To do —
The response consists of the lines from the start of the material below through the line holding "Classic small-town steakhouse", repeated word for word and without pictures.

Materials provided —
+++

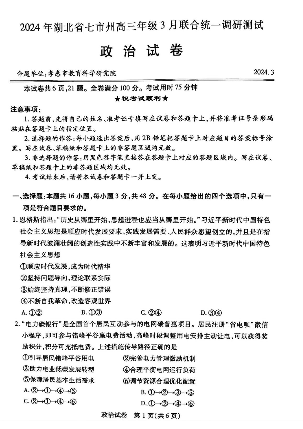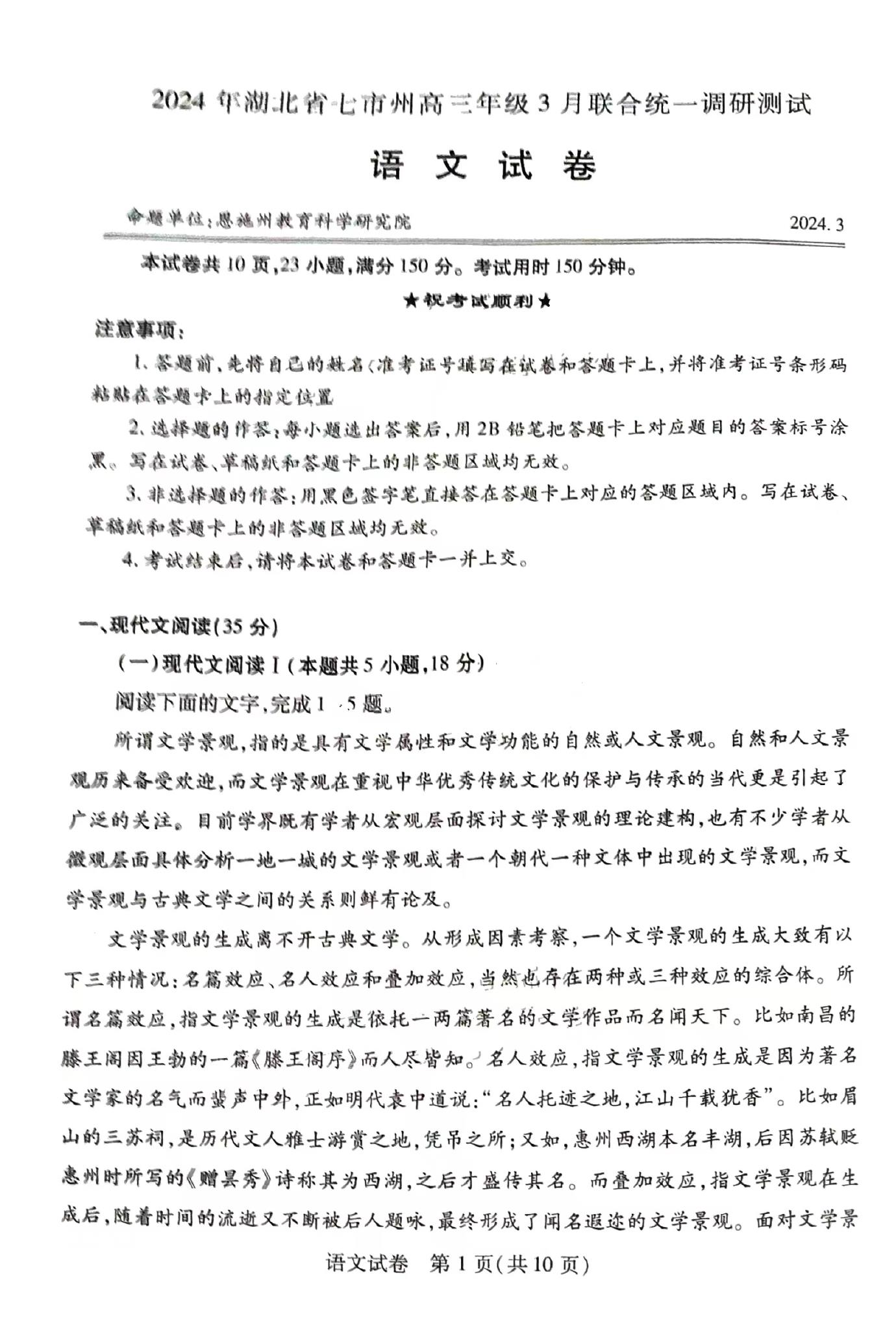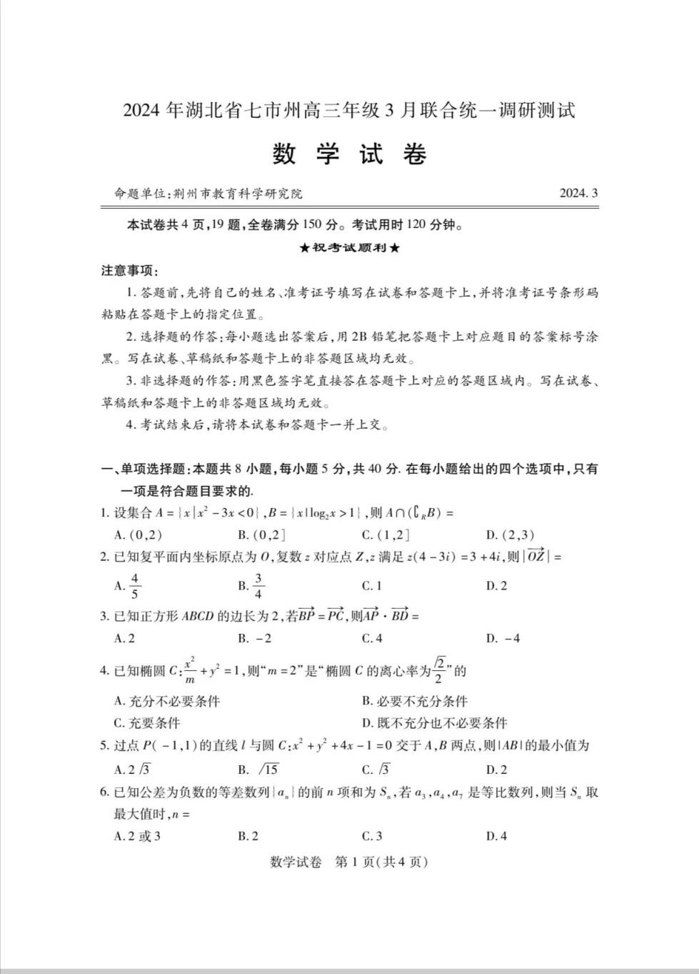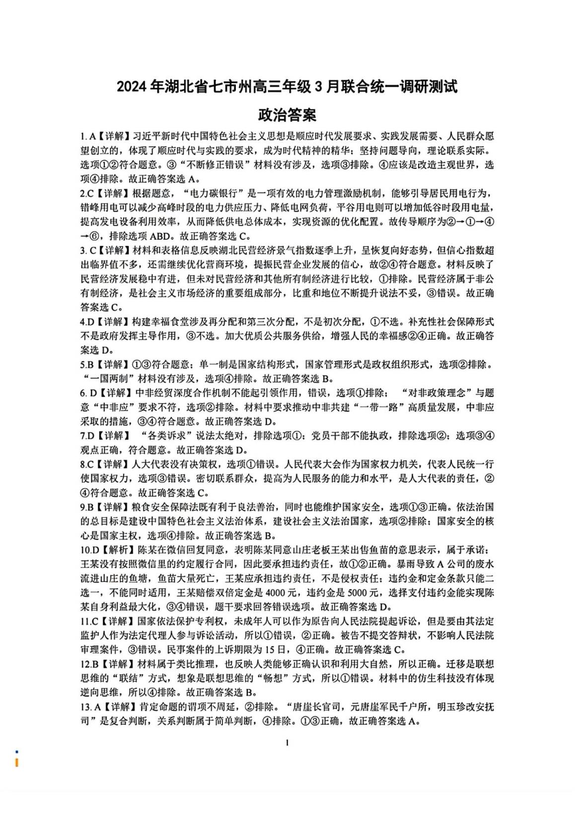一、湖北七市州聯(lián)考2024
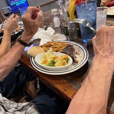 Classic small-town steakhouse and bar with a cozy atmosphere, featuring broasted chicken, burgers, and prime rib, plus a salad bar and outdoor beer garden.
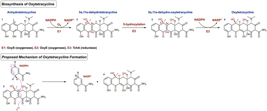 After the formation of anhydrotetracycline, ATC monooxygenase (OxyS) oxidizes the C-6 position in an enantioselective manner in the presence of the cofactor NADPH and atmospheric oxygen to produce 5a,11a-dehydrotetracycline.[12] Next, a hydroxylation occurs at the C-5 position of 5a,11a-dehydrotetracycline via the oxygenase encoded as OxyE in the oxytetracycline gene cluster. This produces the intermediate 5a,11a-dehydro-oxytetracycline. However, the exact mechanism of this step remains unclear. The final step of this biosynthesis occurs through the reduction of a double bond in the α, β—unsaturated ketone of 5a,11a-dehydro-oxytetracycline. In this final step, the cofactor NADPH is employed by TchA (reductase) as the reducing agent. Upon reduction, the enol form is favored due to conjugation, thus producing the aromatic polyketide oxytetracycline. Figure 2 shows the biosynthesis as described above, as well as an arrow-pushing mechanism of NADPH being used as the final cofactor in the biosynthesis of oxytetracycline.
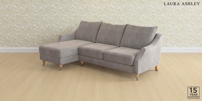6.12.1 Buy Beverley by Laura Ashley Medium Sofa Chaise - Left Hand Orla Pale Steel Grey Low Chrome Castor - Light Oak from the Next UK online shop Click here to use our accessible website
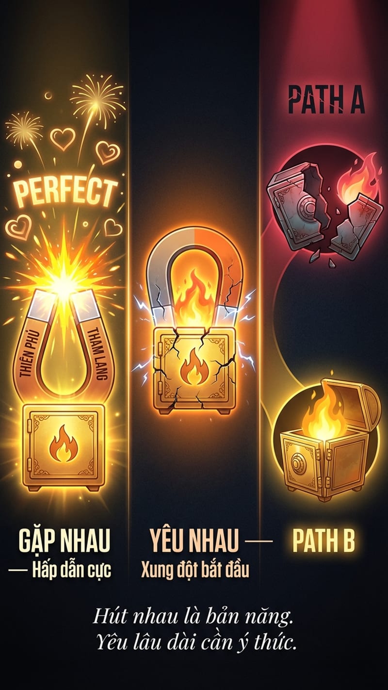 Nhưng bù trừ không có nghĩa là hợp. Tham Lang gặp Thiên Phủ hút nhau cực mạnh giai đoạn đầu — nhưng lâu dài thì xung đột. Người này muốn tự do, người kia muốn ổn định. Hút nhau không phải yêu nhau — hút nhau là bản năng, yêu nhau lâu dài cần ý thức.
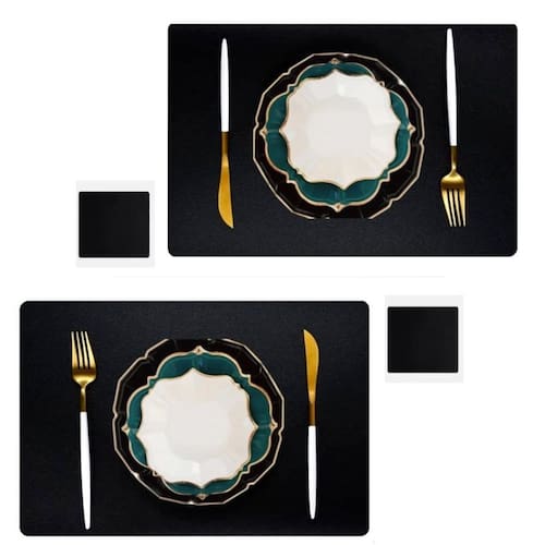 12 jogo americano couro impermeável limpa facil para mesa Cor: preto Tamano: 43x30 Jogo americano couro retangular + porta copos
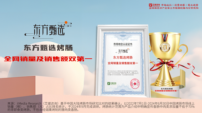 2024年9月,东方甄选烤肠获全球新经济产业第三方数据挖掘和分析机构iiMedia Research(艾媒咨询)授予的“全网销量及销售额双第一(统计范围:中国大陆市场2022年7月-2024年6月)”市场地位确认。

+++

Answer —
一、湖北七市州聯(lián)考2024
 Classic small-town steakhouse and bar with a cozy atmosphere, featuring broasted chicken, burgers, and prime rib, plus a salad bar and outdoor beer garden.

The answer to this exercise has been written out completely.